Analysing high-throughput data sets is not performed with single algorithms or tools, but rather with sophisticated combinations of diverse computational methods. Such workflows or pipelines are often implemented as scripts in languages like Python or Perl. Additionally, more user-friendly, web-based systems have gained popularity throughout recent years, where the Galaxy Project is the most widely distributed and accepted framework.
HPC & Grid-Computing
The actual application of algorithms, pipelines and workflows on large data sets requires the use of high-performance computing infrastructure and a high level of data integration in order to achieve reasonable results. Runnning and using state-of-the-art grid systems (local and at the HLRS) is also one of our core competences.

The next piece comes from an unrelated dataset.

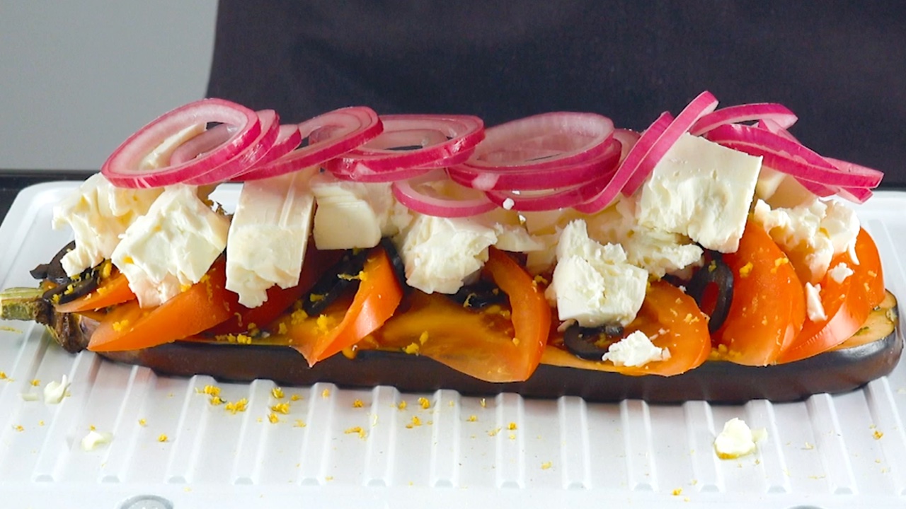 2.3 Schneide nun die Tomate in Schnitze und lege diese obendrauf. Anschließend kommen die in Scheiben geschnittenen Oliven, der Fetakäse und die Zwiebelringe, die du leicht in Essig marinierst, dazu.
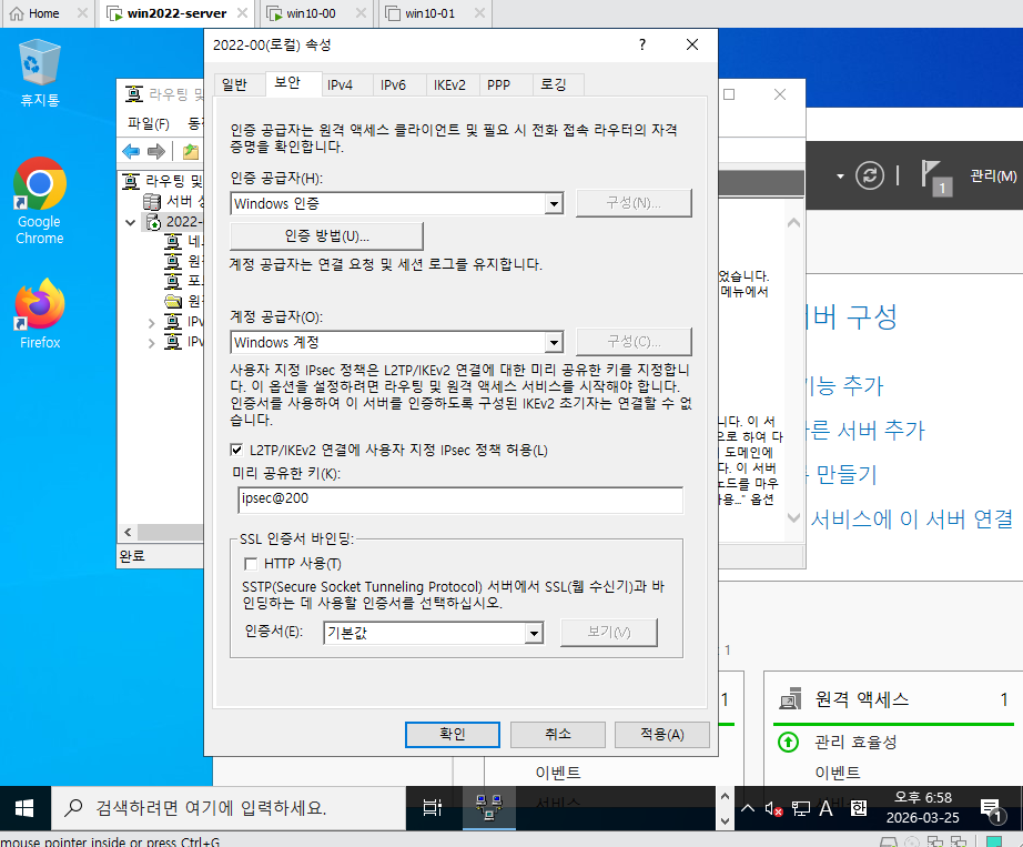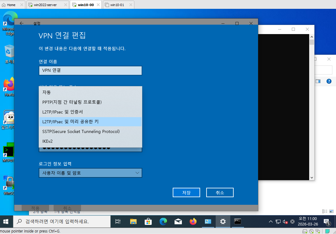 - L2TP 미리 공유한 키 체크하고, 입력한다.

Classical black-box modelling approaches are applied to design novel bioprocesses from lab to production scale. Besides, compartmented bioreactor models are used to consider heterogeneity zones of large scale tanks. Such approaches are further refined by computational fluid dynamics to simulate the cell-bioreactor interplays. Euler-Euler or Euler-Lagrangian approaches are used to track individual cells thereby monitoring individual travelling and stimulus histories.
Subcellular modelling comprises stoichiometric genome-scale flux analysis, 13C flux analysis and gene regulatory models based on experimental data. Modelling of intracellular mechanisms comprises detailed modelling of transcription and translation and the identification of metabolic engineering targets via stimulus/response analysis identifying and exploiting dynamic models.